Do you think it would be okay for you to send me a few addresses that are representative of the consistency problem? I.e. have the same value for raw and formatted, or are almost the same. It would be very helpful in diagnosing what's going wrong.
Cheers, Luke
On Wed, 13 Jan 2016 12:38 am John Lehmann notifications@github.com wrote:
- Make migrations is now fixed. Yes using Python 2.7.
- Form is now fixed -- yae! This was my blocker.
- Although on the form when I enter an address without autocompleting it (like "usa"), it still adds duplicate rows in the address table. This is not a blocker.
- I cannot tell that consistency has gotten any better, maybe even worse. Of about 30 addresses only 1 of them is marked consistent, and some are even verbatim the same text in the two columns in admin. And I did run the command.
— Reply to this email directly or view it on GitHub https://github.com/furious-luke/django-address/issues/34#issuecomment-170913830 .
So I found a pretty big problem with the consistency calculation and have since fixed it and pushed the changes. If you get an opportunity to test the consistency stuff again then please let me know how it goes.
I'm closing this issue as the main concerns originally raised seem to have been addressed .

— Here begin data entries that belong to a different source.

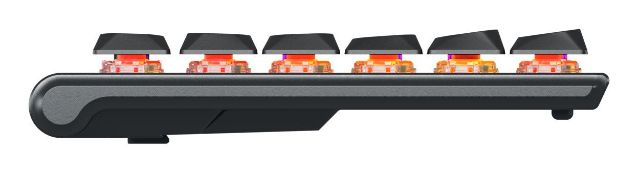 The mechanical gaming keyboard owes its low profile to the MX LOW PROFILE 2.0 switches. Despite its slim design, it has a robust aluminium housing that makes it extremely durable and stable. The slim shape also makes the low-profile mechanical keyboard comfortable to use during longer gaming sessions.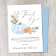 Um doce cartões de agradecimentos para a festa do chá do seu bebê com "Obrigado" num roteiro de cinza com um inchaço cardíaco, e um buquê de aquarela de uma abóbora azul pastel, florais laranja e verde. Personalize o seu obrigado, transmita uma mensagem em uma simples tipografia moderna de cinzas leves e adicione seus nomes em um roteiro de cinza semelhante a assinatura.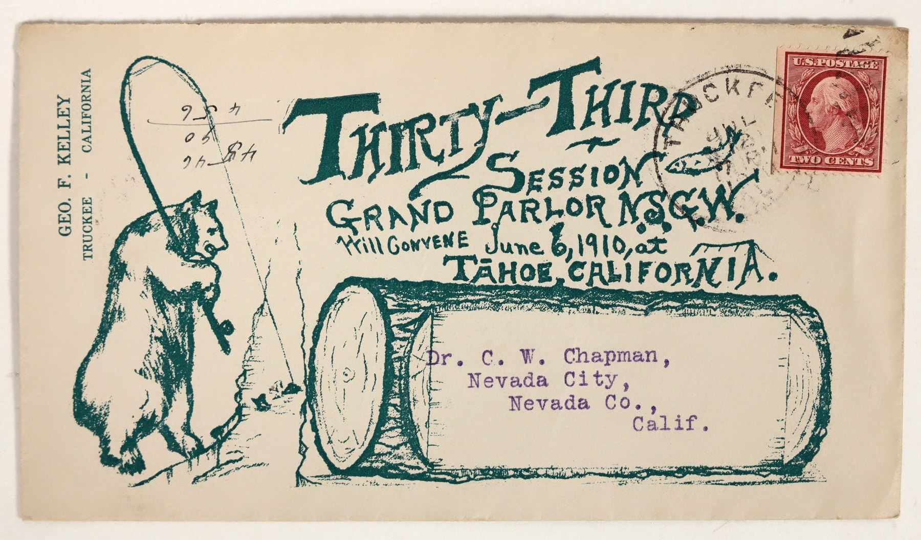 You probably aren't going to find a better looking Truckee/Tahoe postal cover. This is the first time we've sold this. It is a companion piece for the gorgeous badges that were created for this Tahoe gathering of the NSGW. Full face illustration of a bear with fishing pole. Sent from Geo. Kelley of Truckee to Dr. CW Chapman on Nevada City. Truckee cancel over 2 cent stamp. Advertising the June 6, 1910 session of the Grand Parlor of the NSGW that would take place in Tahoe City.
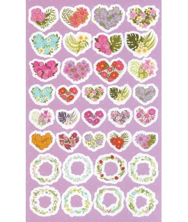 Grande feuille d'autocollants sur le thème "coeurs et couronnes de fleurs".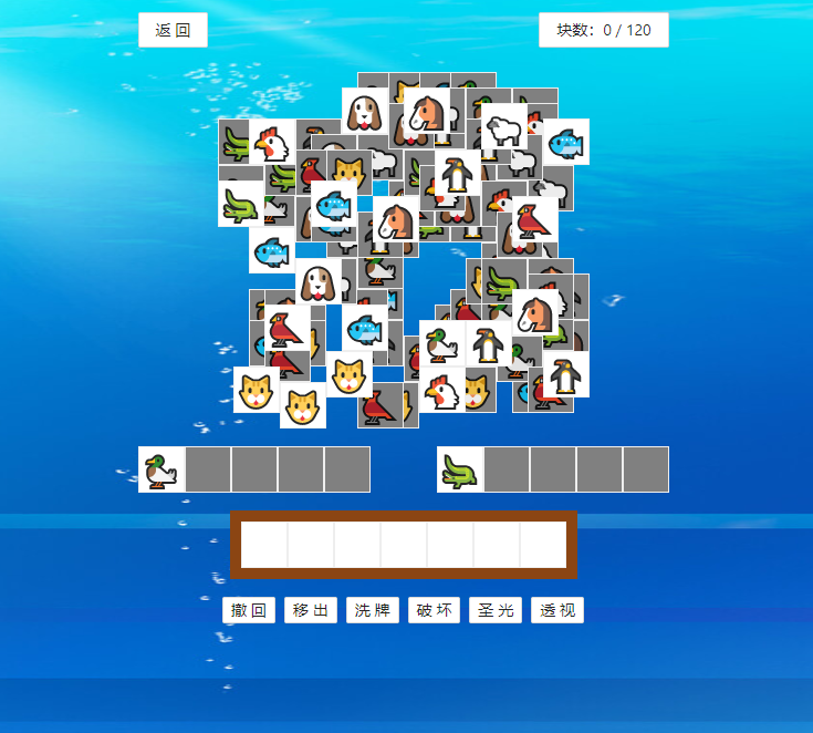 相比于羊了个羊游戏,UI 方面是有些简陋了 但是增加了一些小程序内没有的能力,比如圣光、透视等等。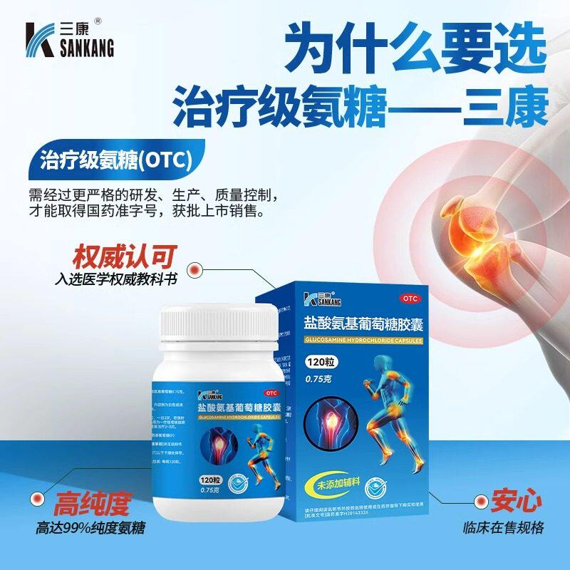 三康维尔固盐酸氨基葡萄糖胶囊骨关节炎护膝中老年补充氨糖旗舰店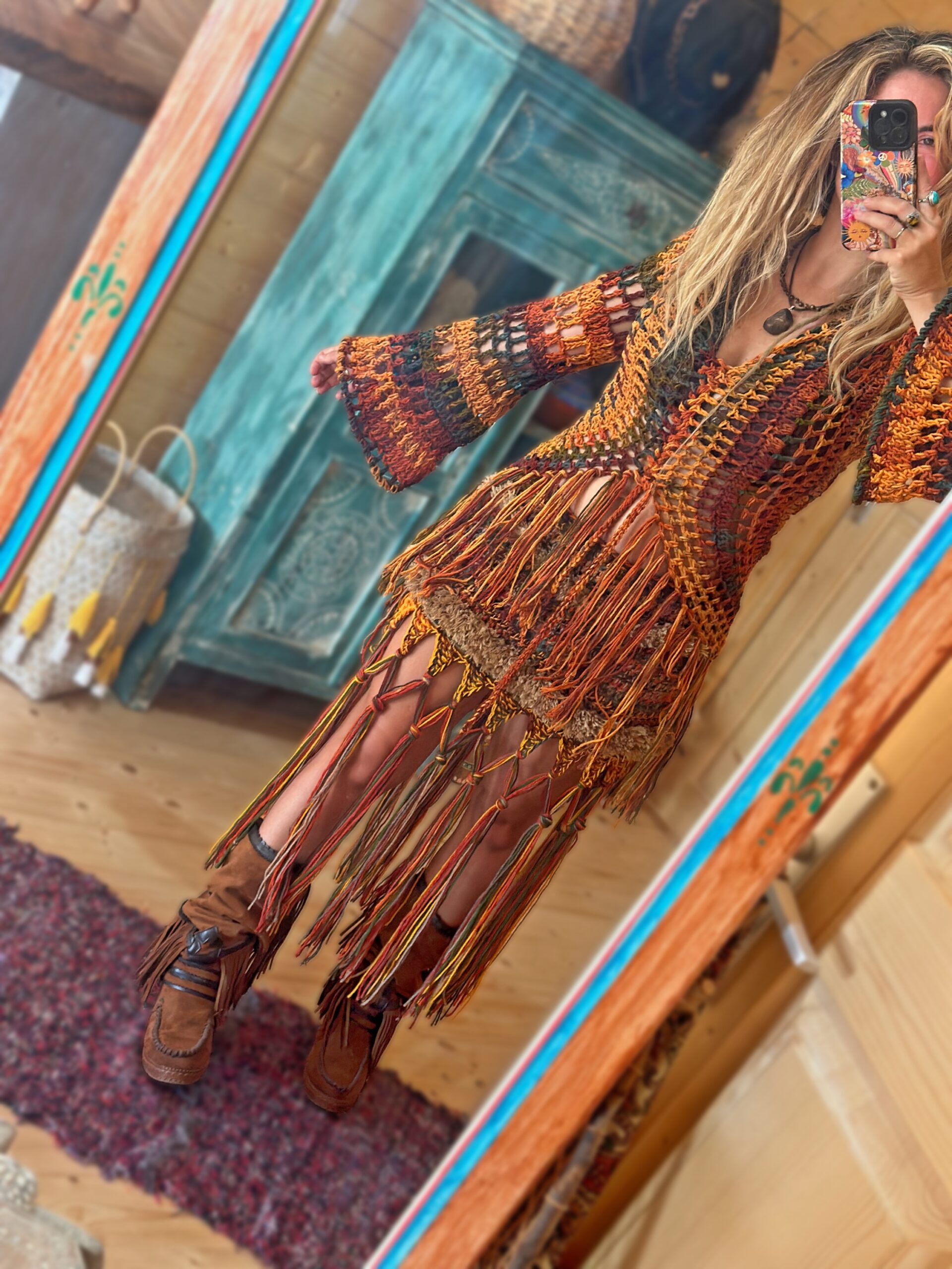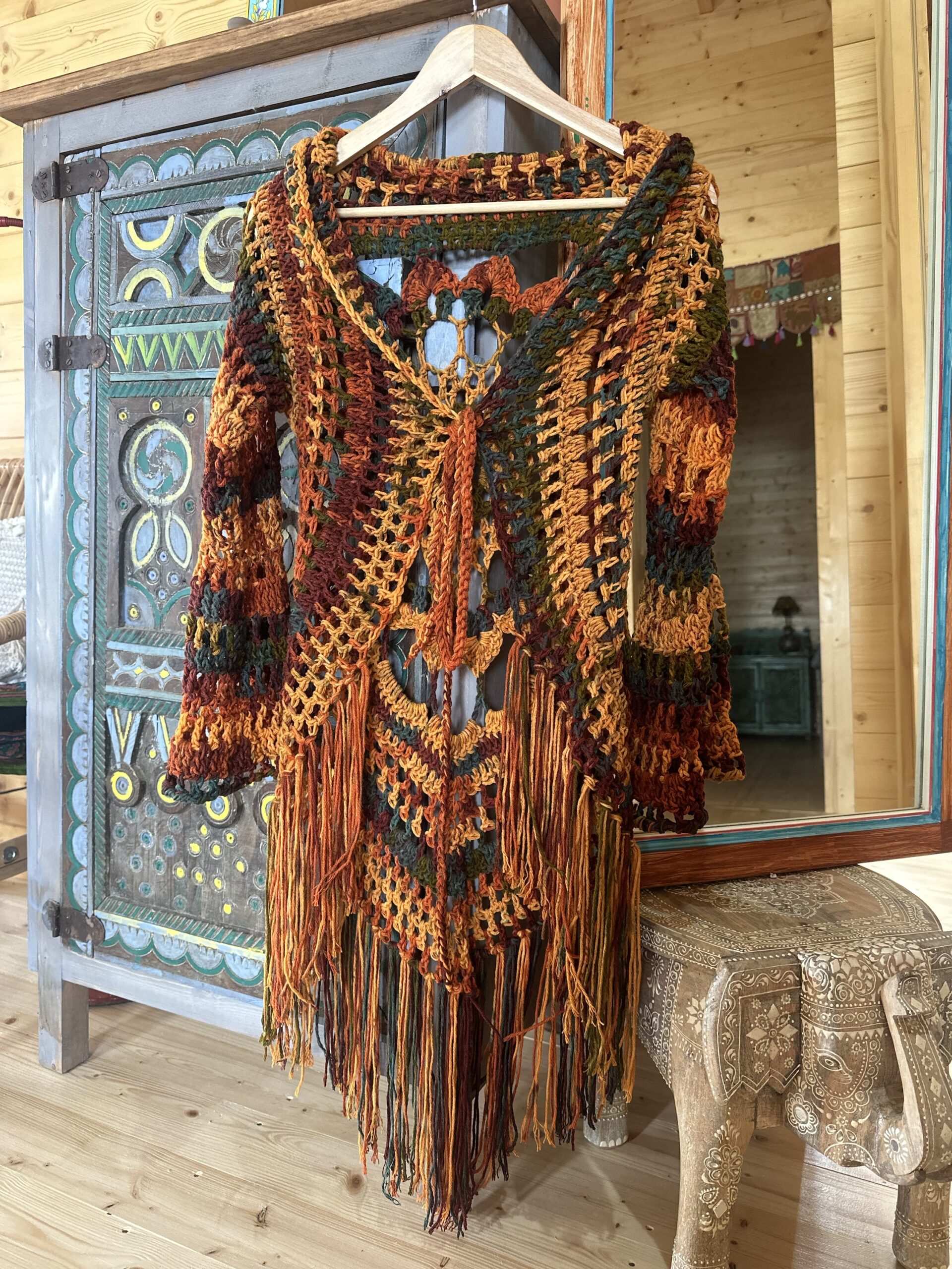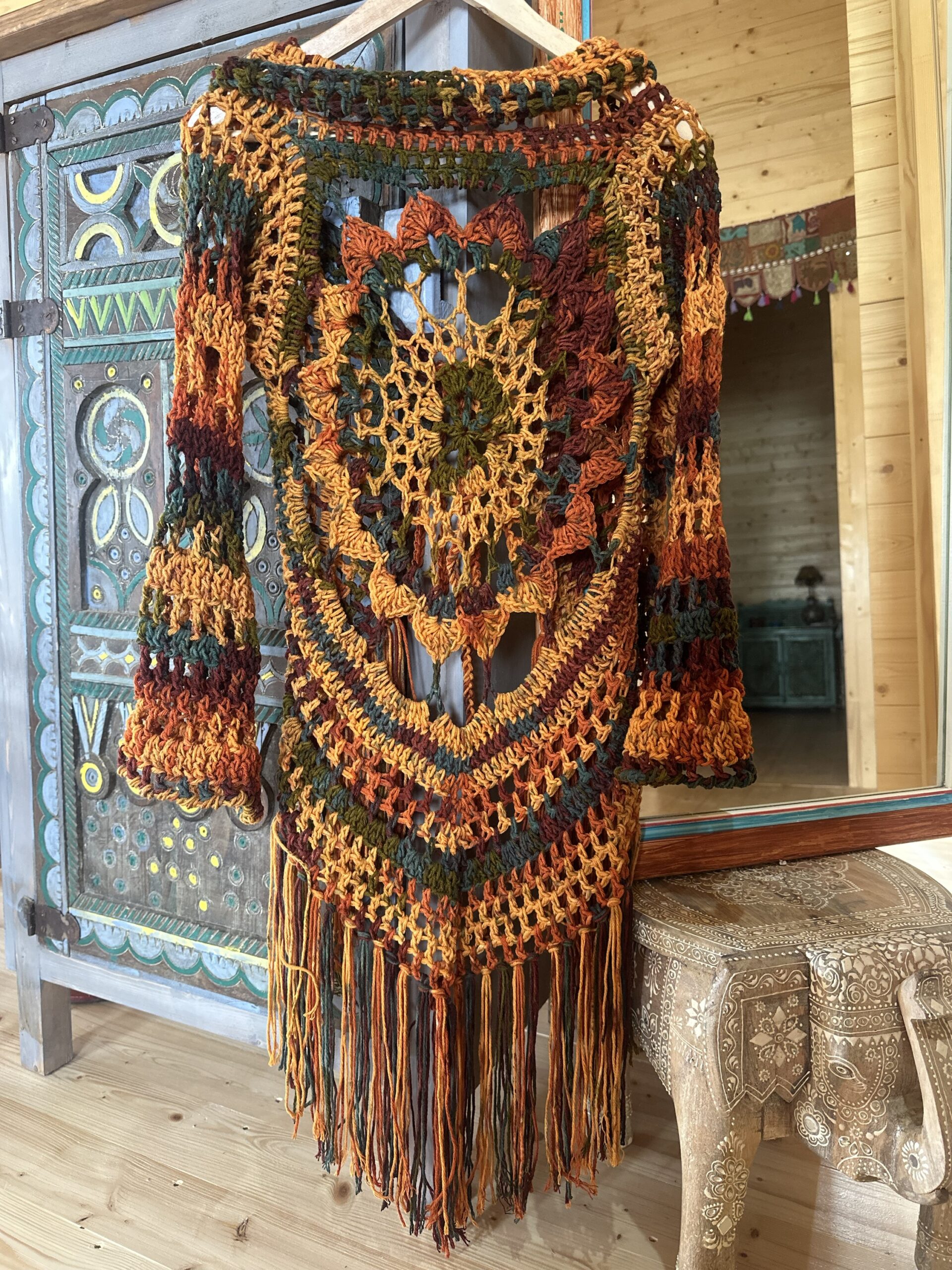 Preciosa chaqueta con flecos y mandala en la espalda.

When I have users enter an address, I'm asking for city/state/zip/country. Currently I receive these in separate fields but my plan was to only have 1 field moving forward for the
address
. But sometimes, the lookup appears to discard the zipcode:This works:
But this doesn't:
I've tried to speculate on why this could be, such as maybe this zipcode is not actually in Wausau (but it appears to be). However in any case, my concern is that I'd be throwing away data to only use the
address
field it appears. How do you recommend this be handled?It appears that this is only a problem if the user doesn't enter a street address. I am thinking I may tell users that if the zipcode doesn't "stick" they need to provide a street address in their zipcode, and I will just not display the street part.